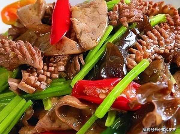 原料:猪肉80克,猪肝100克;原料:青蒜30克,洋葱20克,泡椒20克,泡姜16克,海鲜酱20克,蒜蓉辣椒酱5克,香草4克,香菇酱油8克。醋、鹰嘴豆粉3克、盐3克、料酒2克、味精2克、玉米淀粉2克、白胡椒粉1克
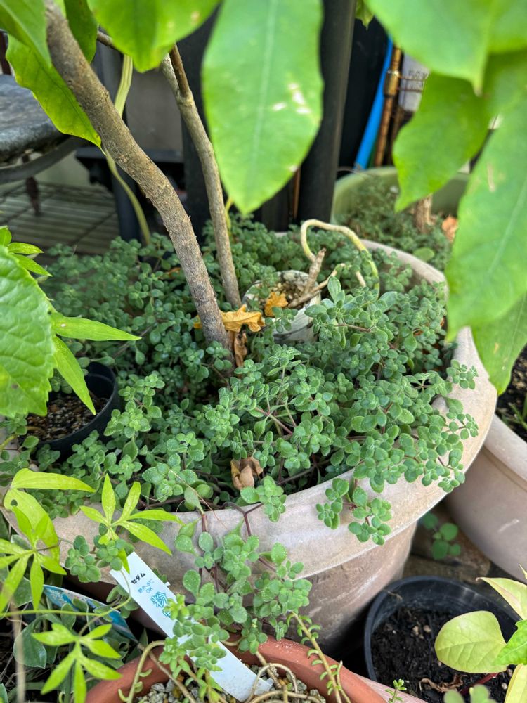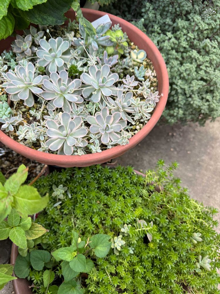 ①45さんの鏡花さんと手前は万年草、奥はブロウメアナ
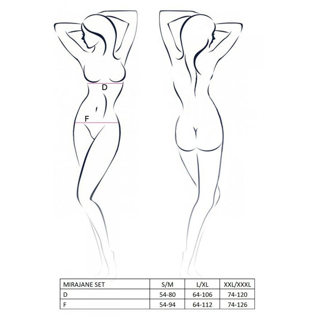 Набір Mirajane - це інноваційна комбінація тонкої сітки з еластичною гумою з логотипом Passion. Оригінальний крій підкреслює бюст, а ремінець відкритого типу - пряне доповнення до набору. Mirajane був створений у першу чергу для жінок, які цінують комфорт, високу якість і оригінальний зовнішній вигляд.
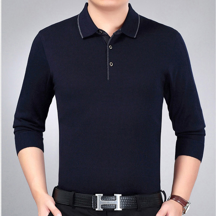 Old lord car long sleeve T-shirt male thin wool knitted sweatshirt pure color loose clothing autummy jacket in old age T-shirt
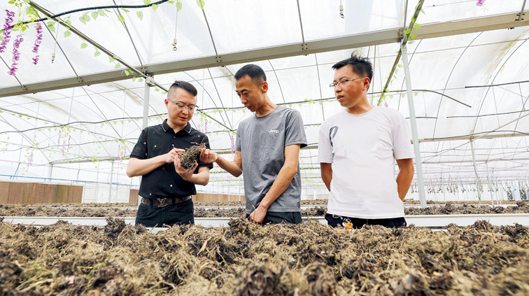 向峰(左一)為種植戶作技術(shù)指導(dǎo)。供圖/受訪者
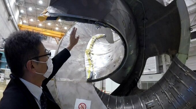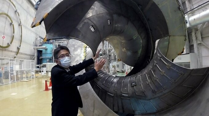 「こちらには、マイナス269度で冷やされた超電導コイルが設置される。宇宙の温度がマイナス270度くらいなので、ほぼ宇宙空間の温度。こちらには1億度のプラズマ、まるで星の温度」
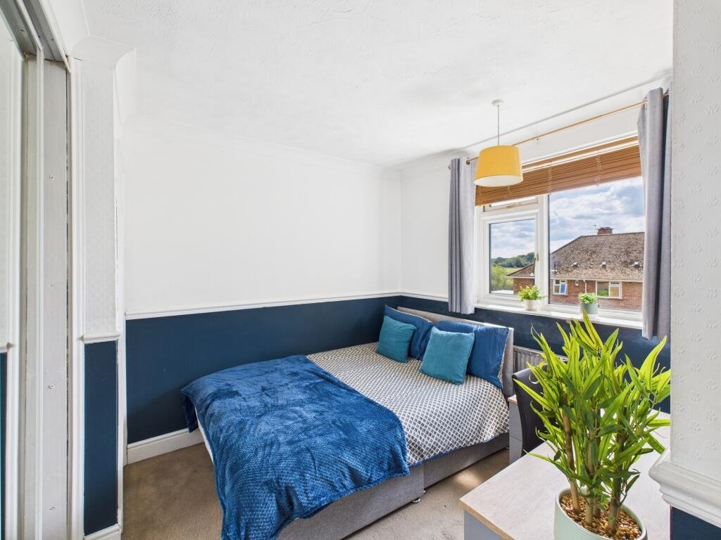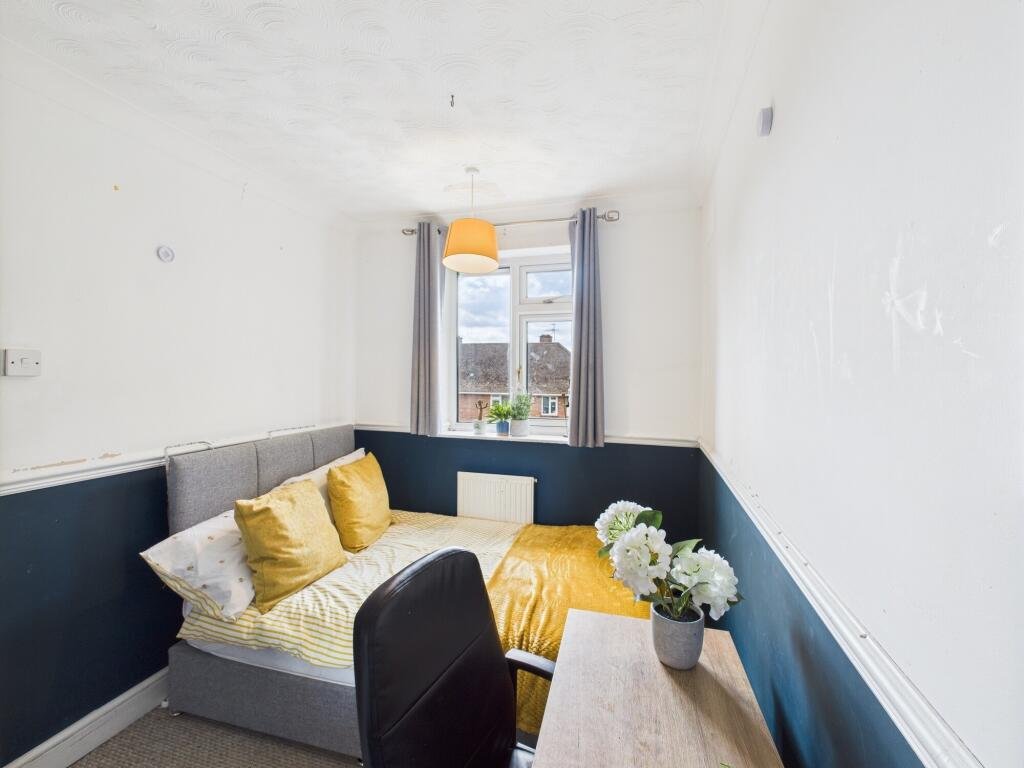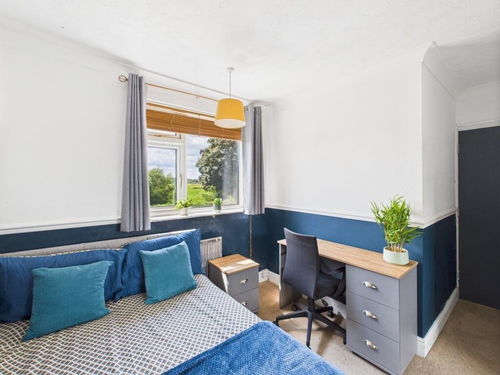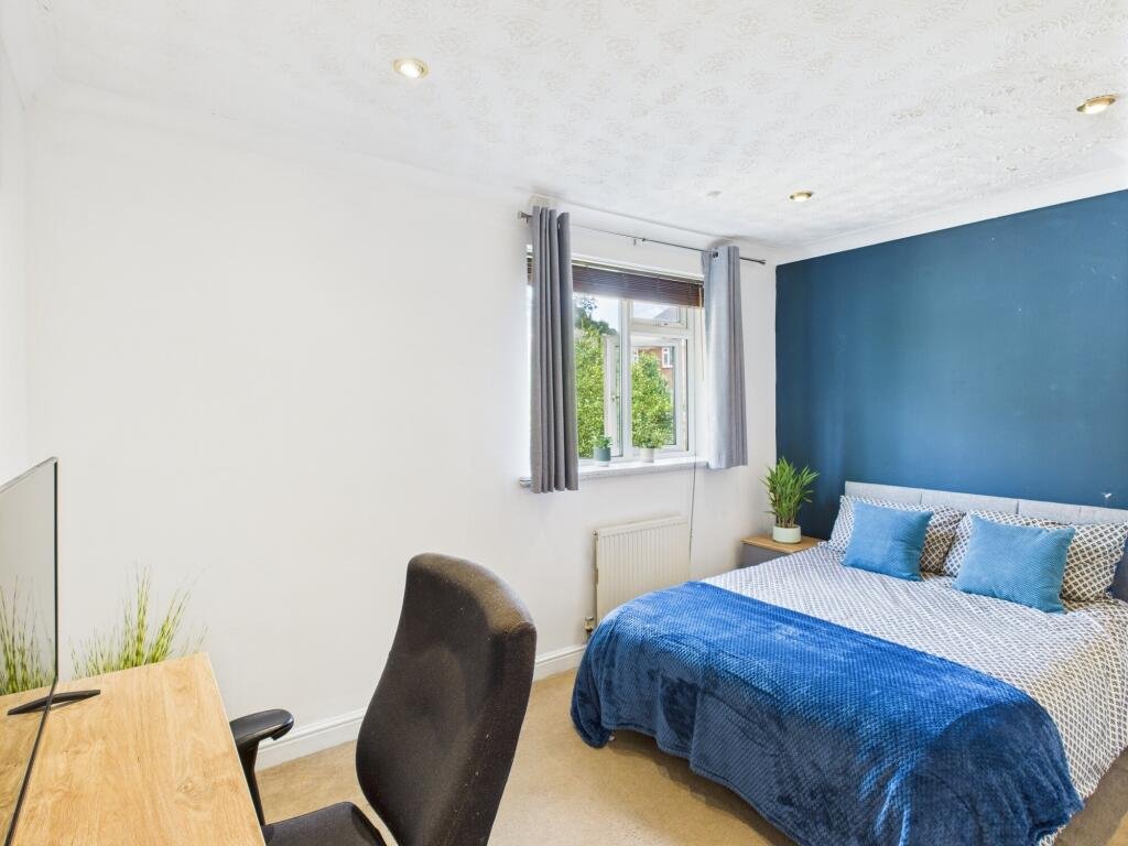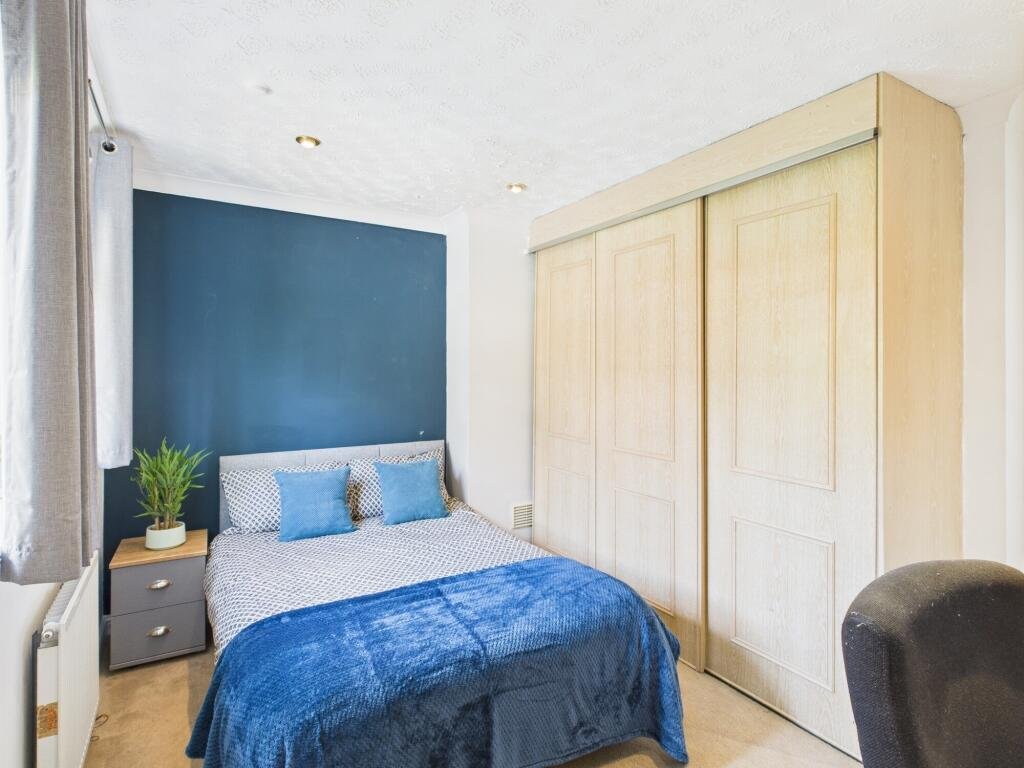 Upstairs bedroom 3Â – Overlooking back garden, large built-in mirrored wardrobe, chest of draws, double bed, desk, chair

--------

__WHAT TO DO__
Each line above should be set down exactly as written, with pictures excluded.

__ANSWER BOX__
 原料:猪肉80克,猪肝100克;原料:青蒜30克,洋葱20克,泡椒20克,泡姜16克,海鲜酱20克,蒜蓉辣椒酱5克,香草4克,香菇酱油8克。醋、鹰嘴豆粉3克、盐3克、料酒2克、味精2克、玉米淀粉2克、白胡椒粉1克
 ①45さんの鏡花さんと手前は万年草、奥はブロウメアナ
 Набір Mirajane - це інноваційна комбінація тонкої сітки з еластичною гумою з логотипом Passion. Оригінальний крій підкреслює бюст, а ремінець відкритого типу - пряне доповнення до набору. Mirajane був створений у першу чергу для жінок, які цінують комфорт, високу якість і оригінальний зовнішній вигляд.
 Old lord car long sleeve T-shirt male thin wool knitted sweatshirt pure color loose clothing autummy jacket in old age T-shirt
 向峰(左一)為種植戶作技術(shù)指導(dǎo)。供圖/受訪者
 「こちらには、マイナス269度で冷やされた超電導コイルが設置される。宇宙の温度がマイナス270度くらいなので、ほぼ宇宙空間の温度。こちらには1億度のプラズマ、まるで星の温度」
 Upstairs bedroom 3Â – Overlooking back garden, large built-in mirrored wardrobe, chest of draws, double bed, desk, chair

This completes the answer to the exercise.